According to the question, we have to calculate the value of the expression $2f\left( 1 \right) + 3g\left( 4 \right)$ and two functions are given to us.
The two functions are $f\left( x \right) = 3x$ and $g(x) = - 4{x^2}$.
First we will calculate the value of $f\left( 1 \right)$. This can be determined by substituting $x = 1$ in $f\left( x \right)$. Doing so, this will give us:
$\Rightarrow f\left( 1 \right) = 3\left( 1 \right) \\ \Rightarrow f\left( 1 \right) = 3{\text{ }}.....{\text{(1)}} \\$
Next we will calculate the value of $g\left( 4 \right)$. In the similar way, this can be obtained by substituting $x = 4$ in $g\left( 4 \right)$. So this will give us:
$\Rightarrow g\left( 4 \right) = - 4{\left( 4 \right)^2} \\ \Rightarrow g\left( 4 \right) = - 4 \times 16 \\ \Rightarrow g\left( 4 \right) = - 64{\text{ }}.....{\text{(2)}} \\$
As we know, we have to determine the value of the expression $2f\left( 1 \right) + 3g\left( 4 \right)$. Thus putting values of $f\left( 1 \right)$ and $g\left( 4 \right)$ from the equations (1) and (2) in the expression, we’ll get:
$\Rightarrow 2f\left( 1 \right) + 3g\left( 4 \right) = 2 \times 3 + 3 \times \left( { - 64} \right) \\ \Rightarrow 2f\left( 1 \right) + 3g\left( 4 \right) = 6 - 192 \\ \Rightarrow 2f\left( 1 \right) + 3g\left( 4 \right) = - 186 \\$
Thus the value of the expression is -186 and this is the answer.

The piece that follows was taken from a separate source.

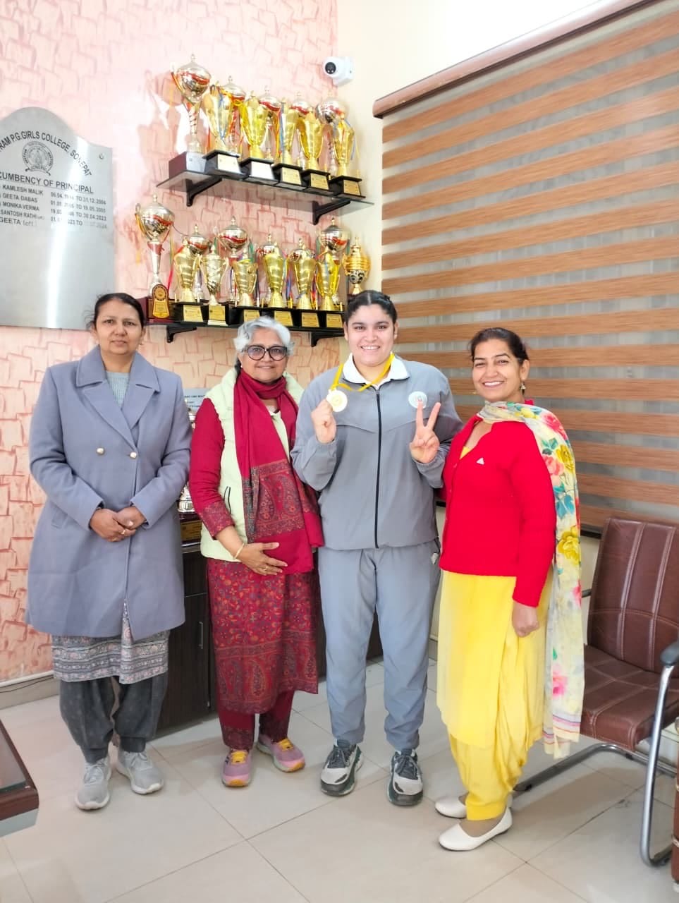 Tamanna, student of B.A Final year of the college, won the silver medal in the recently held Junior National Judo Competition. On the player`s arrival at the college, Tikaram Education Society`s President Sh. Surendra Singh Dahiya, Mr. Bhupendra Dahiya (Secretary), Rajnit Malik (Vice President), Amit (Member) as well as college principal Mrs. Kanchan Sidhar blessed the student and wished her a bright future. The faculty of Physical Education Department Dr. Suman Maan told that this competition was held in Dehradun from 28 March to 31 March, in which Tamanna won the silver medal in the 78 kg weight category and brought laurels to the college and the state. Physical Education Department teacher Dr. Alka also congratulated the student and wished her a bright future.

Note: If we have to find the values of the function at the same value of $x$ then we can combine both the functions to solve the expression. For example if we have to determine the value of the expression $2f\left( 1 \right) + 3g\left( 1 \right)$ or the value of the expression $2f\left( 4 \right) + 3g\left( 4 \right)$, we can combine both the functions before putting the value of $x$ and it will become:
$\Rightarrow 2f\left( x \right) + 3g\left( x \right) = 2\left( {3x} \right) + 3\left( { - 4{x^2}} \right) \\ \Rightarrow 2f\left( x \right) + 3g\left( x \right) = 6x - 12{x^2} \\$
Now we can easily substitute the given value of $x$.
But in expression $2f\left( 1 \right) + 3g\left( 4 \right)$, we have to determine the values of the functions at different values of $x$. That’s why we need to solve them separately and put those values in the expression as we did above in the solution.